The trial is the act presided over by the judge in which the parties present their claims orally and the test is practiced, leaving the lawsuit seen for sentencing.
Trials are the place and the procedural moment where the contradictory written versions of the parties are developed and where the evidence is practiced. The tests that are developed during the trial are the interrogations of the parties (defendant and plaintiff), experts, witnesses, audiovisual projections, oral reports and all those admitted tests.
In this act, the arguments of the parties are presented orally, trying to get the judge or court to pass judgment in favor. The act of the trial ends with the conclusions of each of the parties once the tests have been performed.
When is the trial held?
The appropriate procedural moment for the trial day is set by the court once it understands that it is necessary to hold this oral hearing.
The usual order of a judicial process would be the following:
- Filing of the claim.
- Transfer of the claim to the defendant.
- Answer to the demand.
- Prior Hearing / Hearing.
- Possible resources.
The trial takes place once the contradictory arguments of the parties have been written down. That is, once the practice of the test has been requested, it must be carried out in person and in front of all the parties.
Need for judgment
Not in all judicial processes it is necessary that the trial be held. For example, in those cases where the parties understand that it is not necessary to go to trial since there is no evidence to practice and written arguments are enough, the trial will not be held.
This occurs in verbal trials, which deal with minor issues. The court with the writings will dictate sentence.
Depending on the jurisdiction where the conflict is framed, the development of the judicial act will have a different order.
In civil jurisdiction, the order in which the trial takes place is as follows:
- Practice of the test admitted by the judge with the following order.
- Interrogation of the parties.
- Public and private documents.
- Expert opinion.
- Examination of witnesses.
- Conclusions of the parties, summarizing their claims and the conclusion of the evidence practiced at the hearing.
However, judicial acts can be avoided by negotiation or conciliation prior to the holding of the hearing, which would suspend the hearing by an out-of-court agreement that eliminates the controversy that should be submitted to judicial resolution.
Types of lawsuits
Depending on the jurisdiction in which the conflict is located (civil, criminal, commercial) there are different types of lawsuits.
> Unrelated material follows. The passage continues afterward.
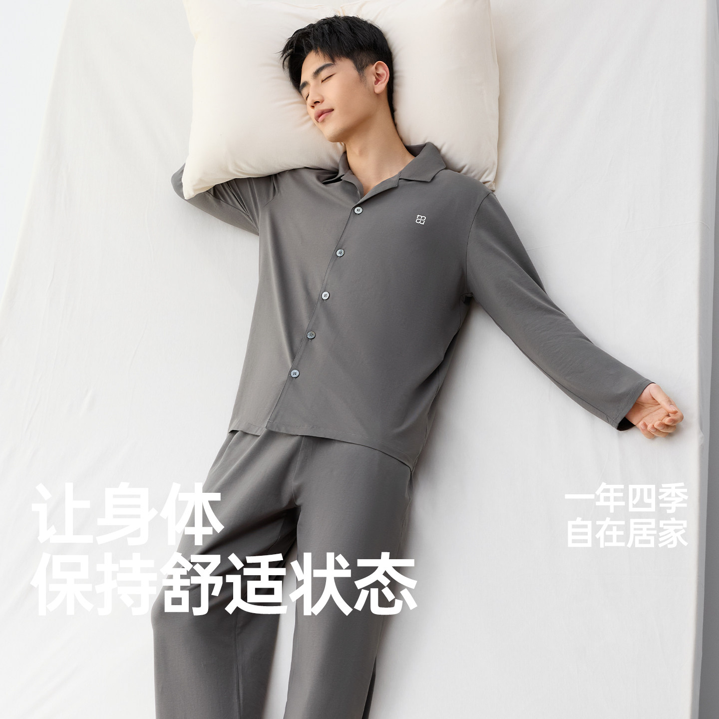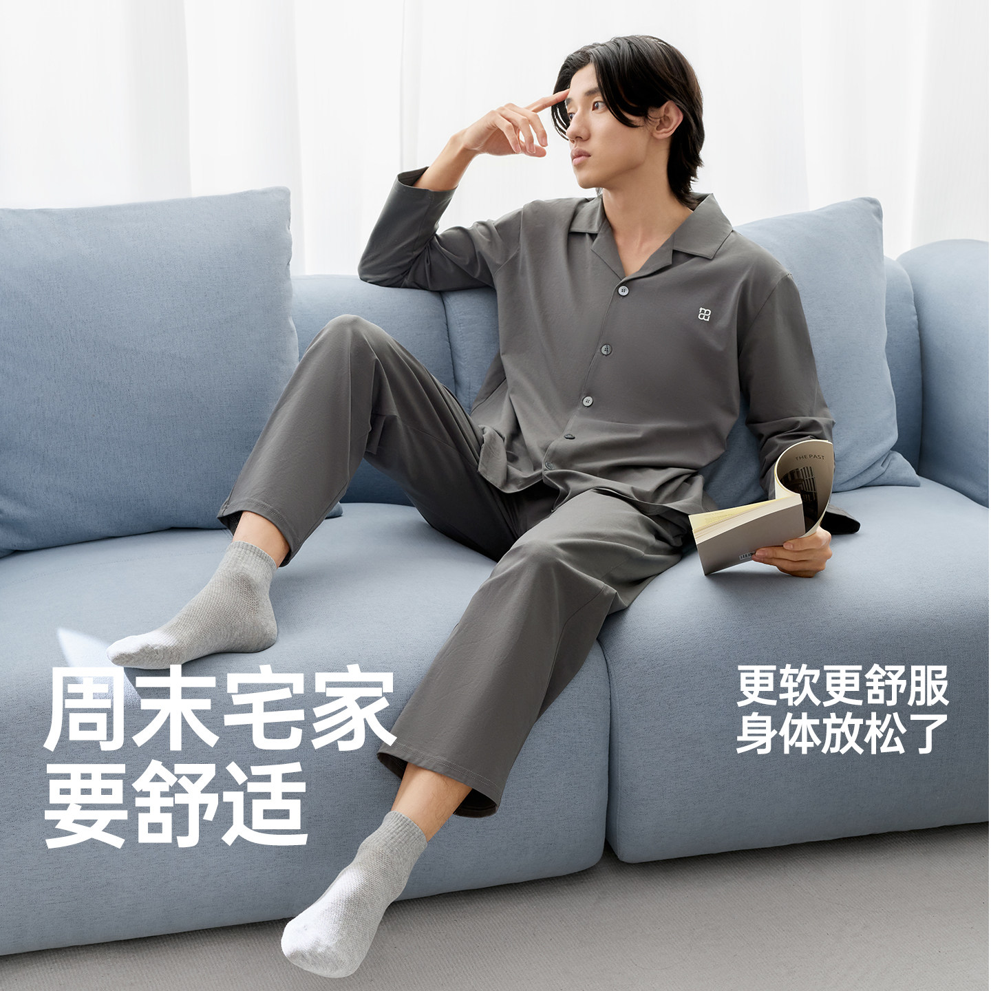 棉竹屋纯棉睡衣男士春夏季新疆棉简单家居服薄款翻领长袖睡裤套装

There are small, verbal or ordinary judgments. It is differentiated by the type of claim that is requested and by the amount of money.
In the case of criminal jurisdiction, there are quick, ordinary trials with a popular jury. The matter makes the difference since in quick trials the commission of minor crimes is solved.
They only solve conflicts related to the public law of the administration and you cannot go without first having exhausted all the available administrative channels.
To arrive at the act of the trial that solve conflicts in the workplace, it is necessary to try a prior conciliation, without which it is not possible to go before the judge.